PROBLEM DESCRIPTION
In the listing that follows, find the line with "week starting 12/31/2018", then copy exactly from it through the line with "LEADER Spyder MTB", leaving out every picture.

PROVIDED DATA
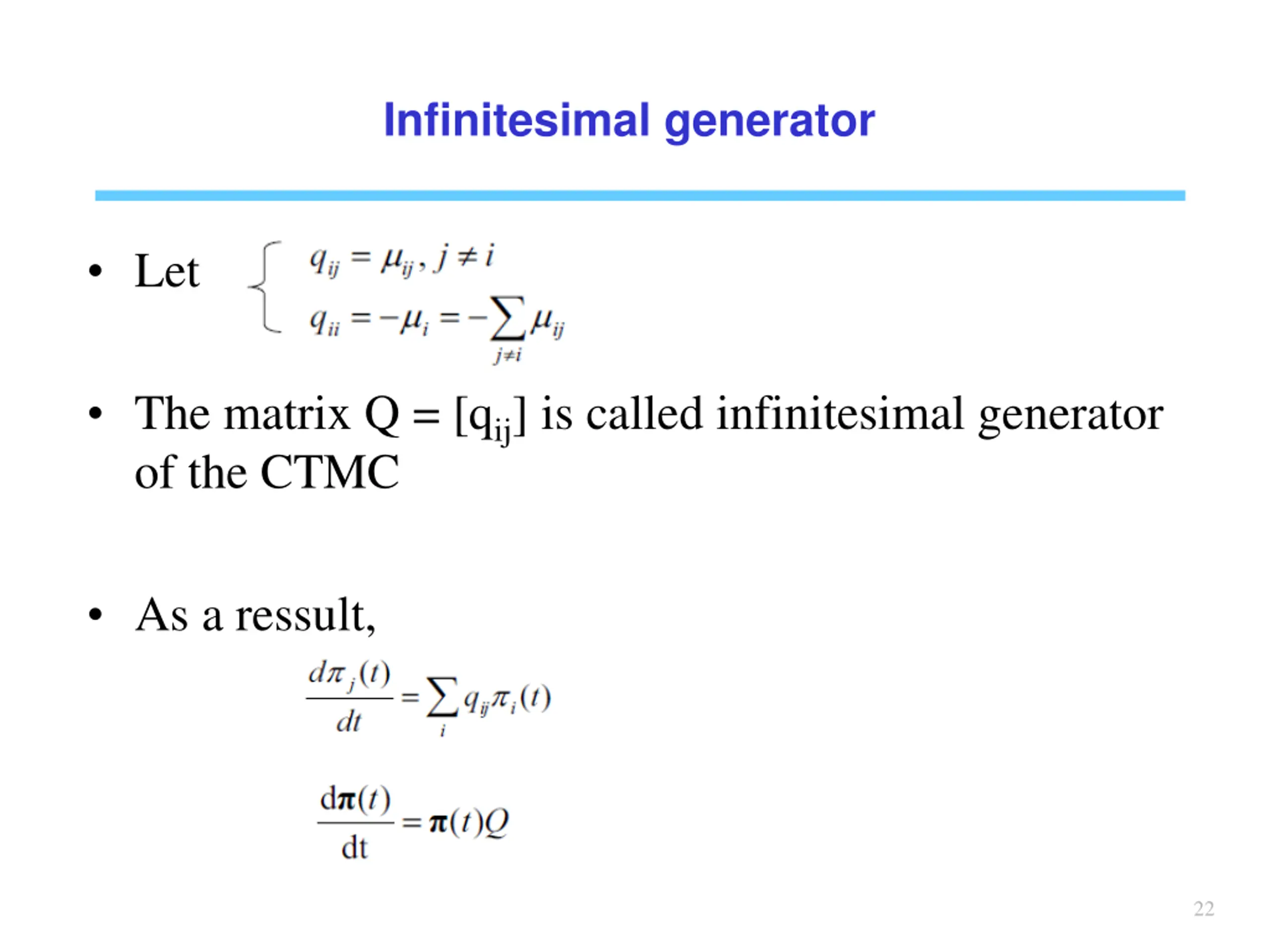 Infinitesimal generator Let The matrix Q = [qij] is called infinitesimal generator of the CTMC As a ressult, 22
---
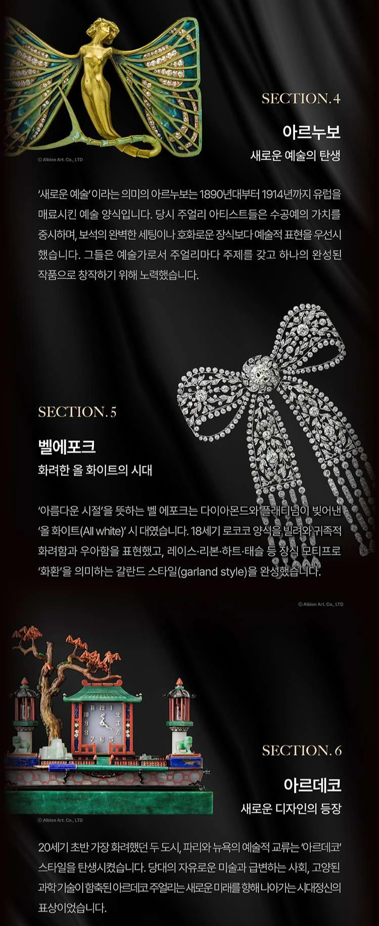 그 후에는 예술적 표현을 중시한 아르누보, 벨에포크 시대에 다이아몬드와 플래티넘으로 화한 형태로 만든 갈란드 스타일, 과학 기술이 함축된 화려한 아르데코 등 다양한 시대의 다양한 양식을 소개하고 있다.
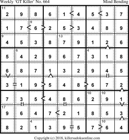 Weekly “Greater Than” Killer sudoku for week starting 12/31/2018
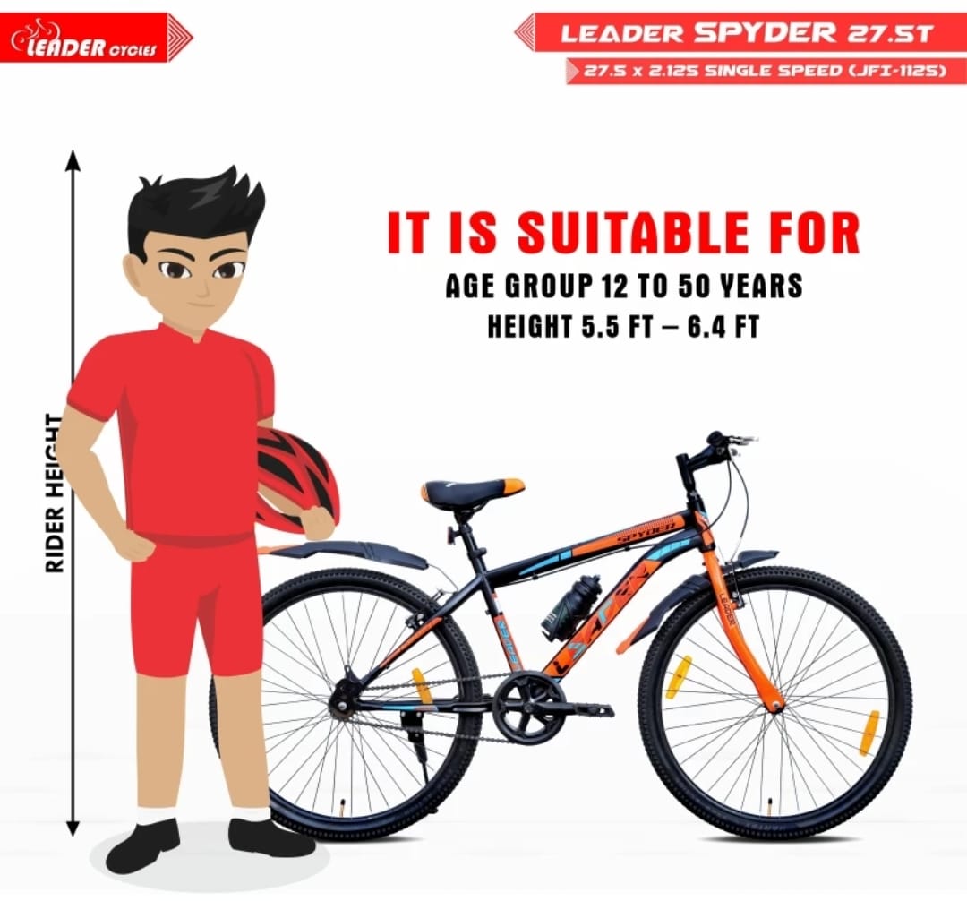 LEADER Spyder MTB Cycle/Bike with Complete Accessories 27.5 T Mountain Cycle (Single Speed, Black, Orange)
---
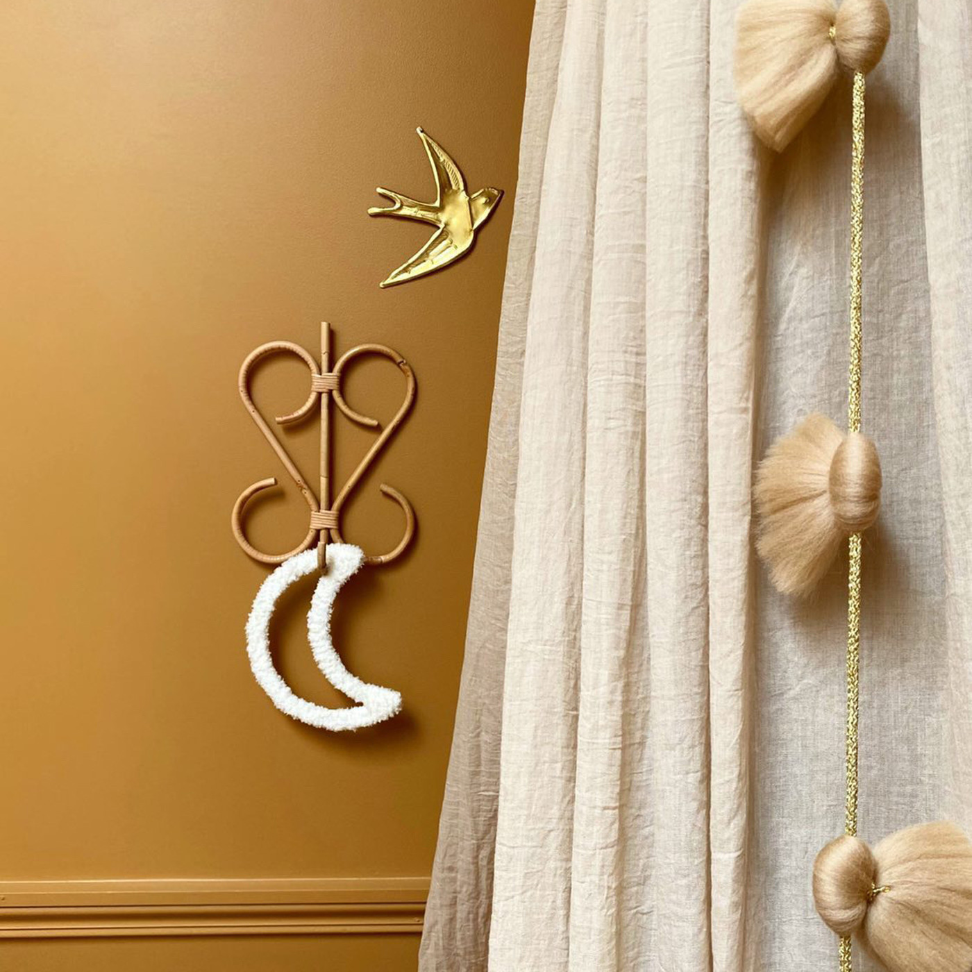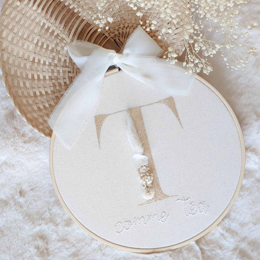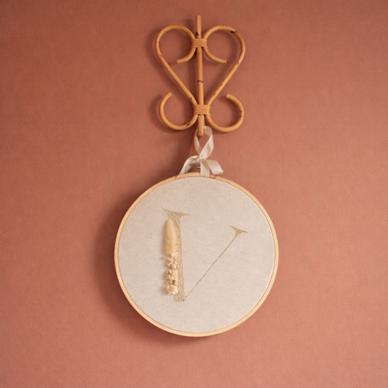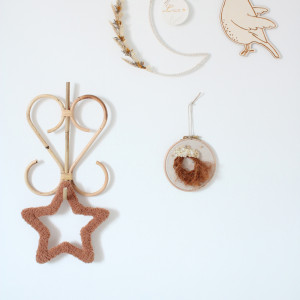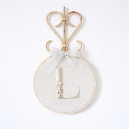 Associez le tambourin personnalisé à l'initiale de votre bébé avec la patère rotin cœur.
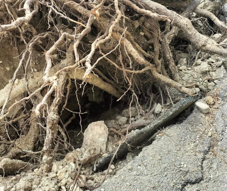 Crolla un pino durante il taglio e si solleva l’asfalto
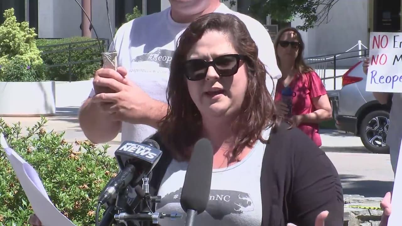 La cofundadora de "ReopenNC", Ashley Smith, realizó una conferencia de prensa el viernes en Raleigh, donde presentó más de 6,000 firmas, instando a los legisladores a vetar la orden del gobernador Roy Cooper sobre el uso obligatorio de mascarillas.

REPLY
 Weekly “Greater Than” Killer sudoku for week starting 12/31/2018
 LEADER Spyder MTB Cycle/Bike with Complete Accessories 27.5 T Mountain Cycle (Single Speed, Black, Orange)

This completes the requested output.